As anyone who’s ever owned a Tae Bo VHS knows, exercise fads can fade quickly. But if streaming workouts are in their infancy, they seem to have one thing going for them: ubiquity. For every glitzy option like Peloton, there’s a dozen free or low-cost apps trying to do the same thing. And, if the true believers are to be believed, that could mean a revolution in the way we exercise.
First among those true believers: the fitness trainers who have become social-media stars, thanks to the boom in at-home workouts. Part of the reason Weiner says she was able to push herself so hard during that workout in January was Robin Arzon, a popular Peloton trainer and the company’s vice president of fitness programming. Arzon has more than 135,000 followers on Instagram and receives thousands of messages from fans each week. “Whether it’s a weight-loss journey, recovering from an illness or dealing with a divorce, the most impactful stories are when people rise above,” Arzon says of her interactions with her followers. “And they use the bike and our instructors as tools for that.”

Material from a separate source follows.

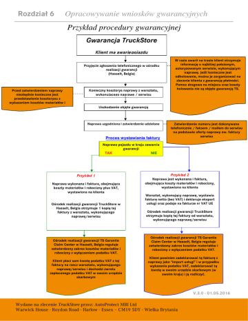 Rozdział 6 Opracowywanie wniosków gwarancyjnych Przykład procedury gwarancyjnej Gwarancja TruckStore Klient ma awarię pojazdu Przyjęcie zgłoszenia telefonicznego w ośrodku realizacji gwarancji (Hasselt, Belgia) Przed zatwierdzeniem naprawy niezbędnie konieczne jest przedstawienie kosztorysu z wykazaniem kosztów materiałów i robocizny Konieczny kosztorys naprawy z warsztatu, wykonującego naprawę / serwisu W razie awarii na trasie klient otrzymuje informację o najbliżej położonym, autoryzowanym serwisie, wykonującym naprawę. Jeśli konieczne jest odholowanie, można je zorganizować na zlecenie klienta z gwarancją płatności. Pomoc drogowa na miejscu oraz koszty holowania nie są objęte gwarancją TS. Uszkodzenie objęte gwarancją Naprawa uzgodniona i zatwierdzenie udzielone Proces wystawiania faktury Zatwierdzenie numeru jest dokonywane telefonicznie / faksem / mailem do serwisu na podstawie oferty naprawy ew. faktury serwisu Naprawa pojazdu w kraju zawarcia gwarancji TAK NIE Przykład 2 Przykład 1 Naprawa wykonana i faktura, obejmująca koszty materiałów i robocizny plus VAT, wystawiona na klienta Ośrodek realizacji gwarancji TruckStore w Hasselt, Belgia otrzymuje 1 kopię tej faktury z warsztatu, wykonującego naprawę/serwisu Ośrodek realizacji gwarancji TS Garantie Claim Center w Hasselt, Belgia reguluje zatwierdzony zakres kosztów materiałów i robocizny z wyłączeniem podatku VAT. Klient płaci sam kwotę podatku VAT z tej faktury na rzecz warsztatu, wykonującego naprawę/serwisu i dochodzi zwrotu zapłaconego podatku VAT w swoim urzędzie skarbowym Naprawa jest wykonana i faktura, obejmująca koszty materiałów i robocizny, wystawiona na klienta Warsztat, wykonujący naprawę, wystawia fakturę netto (bez VAT) i deklaruje eksport usługi oraz podaje na fakturze nr VAT UE Ośrodek realizacji gwarancji TruckStore otrzymuje kopię tej faktury od warsztatu, wykonującego naprawę/serwisu Ośrodek realizacji gwarancji TS Garantie Claim Center w Hasselt, Belgia reguluje zatwierdzony zakres kosztów materiałów i robocizny z wyłączeniem podatku VAT. Klient powinien zadeklarować tą fakturę z naprawy jako “import usługi” i w przypadku wykazania podatku VAT, zadeklarować tą kwotę w swoim urzędzie skarbowym (w swoim kraju) i ją rozliczyć. V.3.0 - 01.05.2016 -1- Wydane na zlecenie TruckStore przez: AutoProtect MBI Ltd Warwick House - Roydon Road - Harlow - Essex – CM19 5DY - Wielka Brytania Rozdział 6 Opracowywanie wniosków gwarancyjnych Wykonujący naprawą serwis powinien przestrzegaą poniąszych zasad: 1 Z działu dokumentacji gwarancji TruckStore naleąy uzyskaą numer gwarancji (kombinacja literowo-cyfrowa). Jeąli nie jest to moąliwe, poprosią klienta o przekazanie tego numeru. Bez tej informacji nie można wykonaż naprawy. 2 Upewnią sią, czy pojazd do tej pory był serwisowany zgodnie ze specyfikacjami producenta i czy tym samym spełnione są warunki roszczenia usług z tytułu gwarancji. Jedynym wystarczającym potwierdzeniem wykonanego przeglądu jest szczegółowa faktura z wykazanym podatkiem od towarów i usług (VAT) lub inny porównywalny dokument, zawierający datą wykonania przeglądu i stan licznika przebiegu. Bez tych danych wniosek gwarancyjny nie jest przyjmowany. 3 Naleąy ustalią dokładną przyczyną awarii, równieą w sytuacji, gdy klient wyraził zgodą na pokrycie wszystkich kosztów wykonującego naprawą serwisu, a wiąc równieą kosztów, które nie wchodzą w skład kosztów naprawy gwarancyjnej. W tym celu naleąy wykonaą odpowiednie do sytuacji demontaąe w pojeądzie i sporządzią listą potrzebnych cząąci, zawierającą koszty materiałowe i koszty robocizny, naliczone zgodnie z normatywnymi czasami napraw, ustalonymi przez producenta pojazdu. 4 W celu sprawdzenia waąnoąci gwarancji naleąy skontaktowaą sią z oąrodkiem realizacji gwarancji TruckStore pod nastąpującymi numerami/ adresami: Tel.: 0032 (0) 1130 2626 Faks: 0032 (0) 1130 1118 E-mail: [email protected] Naleąy przy tym podaą a) numer gwarancji (kombinacja literowo-cyfrowa) b) stwierdzony stan licznika przebiegu c) dane o dotychczasowym serwisowaniu, o ile są istotne d) szczegóły awarii, łącznie z przyczyną i opisem uszkodzeą e) koszty naprawy w rozbiciu na pozycje materiałowe i robocizną. Oąrodek realizacji gwarancji TruckStore zastrzega sobie prawo poddania pojazdu niezaleąnemu badaniu i na podstawie raportu z wynikami tego badania ustali kwotą naleąną za zaakceptowany wniosek gwarancyjny. Serwis zostanie powiadomiony, czy wniosek jest całkowicie lub cząąciowo uzasadniony i jednoczeąnie przekazany zostanie numer zatwierdzenia ustalonej kwoty. Ośrodek realizacji gwarancji TruckStore nie bśdzie akceptowaś wniosków gwarancyjnych bez numeru zatwierdzenia. Bez uzyskania tego numeru nie naleśy podejmowaś śadnych napraw. 5 Po uzyskaniu zatwierdzenia naprawy i wykonaniu naprawy w zakresie zgodnym z tym zatwierdzeniem naleąy wysłaą kopią faktury, obejmującą wszystkie zatwierdzone cząąci i koszty robocizny, razem z ewentualnie ąądanymi fakturami za poprzednie przeglądy na nastąpujący adres: TruckStore Warranty Claims Center c/o AutoProtect Kiewitstraat 194 B-3500 Hasselt Belgia Faks : 0032 (0) 11 30 11 18 Faktura serwisowa (oryginał) jest wystawiana na Beneficjenta Gwarancji, z adnotacją, ąe kwota netto faktury (autoryzowana wartoąą) zostanie uiszczona przez oąrodek realizacji gwarancji TruckStore c/o Fa. Autoprotect. Kwota podatku VAT musi byą uiszczona samodzielnie, bezpoąrednio przez Beneficjenta Gwarancji. V.3.0 - 01.05.2016 Wydane na zlecenie TruckStore przez: AutoProtect MBI Ltd Warwick House - Roydon Road - Harlow - Essex – CM19 5DY - Wielka Brytania Rozdział 6 Opracowywanie wniosków gwarancyjnych 6 Od właąciciela pojazdu naleąy ąądaą zapłaty wszystkich kosztów, wykraczających poza kwotą zatwierdzoną przez oąrodek realizacji gwarancji TruckStore . Przestrzeganie wy

Already famous health-and-wellness gurus have benefited too. Tracy Anderson, renowned for training celebrities, has established a particularly loyal following online, thanks to her streaming program TA Online Studio. Searching Instagram for #TArealtime results in tens of thousands of posts from devotees sharing their workouts. Although Anderson–who has over 350,000 followers on Instagram–may be best known for her high-end clubs in New York and California that cost $900 to $1,000 per month to join, she says her streaming services are the “most profitable revenue stream” of her business. “It’s me doing the work that I do every day with a camera filming.”
Social community is a large part of the reason Rachael Lawton, a 38-year-old finance director based in Columbus, Ohio, has been taking Anderson’s classes virtually for almost a year. With two children and a full-time job, Lawton found that streaming made maintaining a regular fitness routine feasible. She started sharing her workout experiences online to help other parents in similar situations. “They need to know that there is another mom out there that gets everything done and makes time to work out,” she says. “It is possible.”
Kayla Itsines of the SWEAT app has more than 9 million followers on Instagram. Like Peloton’s founders, she was one of the first to realize the potential of offering at-home workouts built around an online community. Her wildly popular Bikini Body Guide program, which costs $19.99 per month, has catapulted Itsines to superstar status; she sold out a stadium with her live boot-camp workout session in 2016 and has released books based on her program. Knocked Up star Katherine Heigl praised the BBG program on Instagram for helping her get back into shape after giving birth in 2016. “I found a fantastic app called #sweat that features several different #bbg programs you can choose from and makes it incredibly easy to do anywhere, which for me means in my bedroom,” Heigl wrote.
That working out at home is cheaper than signing up for a studio membership may be the most obvious benefit of streaming, besides convenience. On average, the monthly fees for fitness studios range between $76.41 and $118.13, according to the IHRSA. That’s why Foley doesn’t see his equipment as being unreasonably priced, especially if you’re splitting the costs with a spouse. Financing the Tread for $150 per month, or $110 if you already own a bike, plus the $39 subscription fee for classes, breaks down to either $74.50 or $94.50 per person when split between two people. A single class at SoulCycle, for example, costs $28 to $40, depending on where you live. If you attend more than a few classes a week, the costs quickly surpass the monthly expense of owning a Peloton bike.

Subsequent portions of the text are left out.